According to data from the Official Charts Company, the one billion landmark was reached on late Monday evening.
The figures represent individual tracks sold, not digital albums or streamed music – with the vast majority of sales being made through the UK's biggest music retailer, Apple's iTunes store.
“The digital music revolution has made it easy to buy any song you like, instantly, for half the price of a coffee,” said Geoff Taylor, BPI chief executive.
The top 10 tracks download to date are (you may want to look away now if you actually like music):
- Someone Like You – Adele
- Moves Like Jagger – Maroon 5 Ft Christina Aguilera
- Somebody That I Used To Know – Gotye Ft Kimbra
- I Gotta Feeling – Black Eyed Peas
- We Found Love – Rihanna Ft Calvin Harris
- Sex On Fire – Kings of Leon
- Call Me Maybe – Carly Rae Jepsen
- Party Rock Anthem – LMFAO/Lauren Bennett/Goonrock
- Just The Way You Are (Amazing) – Bruno Mars
- Price Tag – Jessie J
The BPI estimates it would take more than 6,600 years to listen to one billion single downloads played back to back. To have finished such a marathon listening session today, a music fan would have needed to start listening around about the same time as the plough was introduced to Europe's nascent farmers.
But the picture – with Brits buying 500,000 tracks every day – is a far cry from the BPI's usual complaints about piracy killing the music industry.
In fact, along with runaway digital sales, streaming services such as Spotify are booming. The UK's music industry has not been crippled by the pirates it seems.
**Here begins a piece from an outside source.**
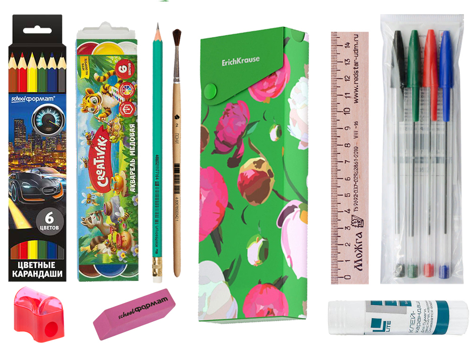 Набор школьника первоклассника ОДИССЕЙ 12+1 предметов в пластиковом пенале ErichKrause ПИОНЫ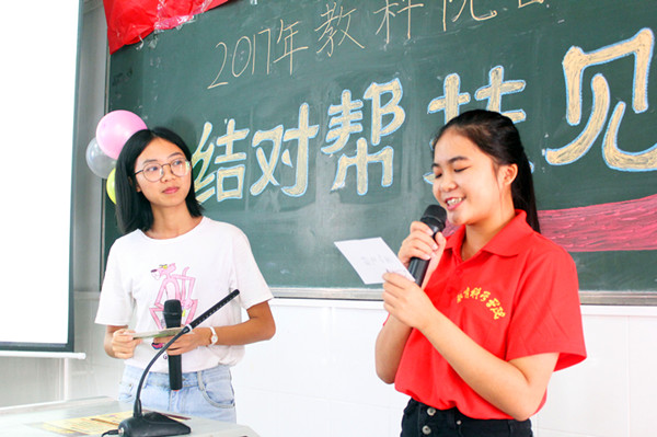 在上届优秀帮扶队员张金珍和黄玉兰的发言中,她们鼓励同学们要不断鞭策自己,珍惜机会,虚心求教,为日后工作打下基础。宣誓环节过后,同学们以信传情,写下对师弟师妹的殷切期望,对师兄师姐的真挚感谢。

Earlier this year, the NPG Group reported that the number of illegal music downloads fell 17 percent to 21 million worldwide.
That figure is dwarfed by the downloads the BPI claims are being made legally. Nonetheless, the BPI has taken a hard line stance against music pirates, using legal action to force ISPs to block file sharing sites.
As recently as 2010, the BPI estimated that three-quarters of UK music downloads were being made illegally. Still, hitting one billion legal downloads must be music to the ears of record labels.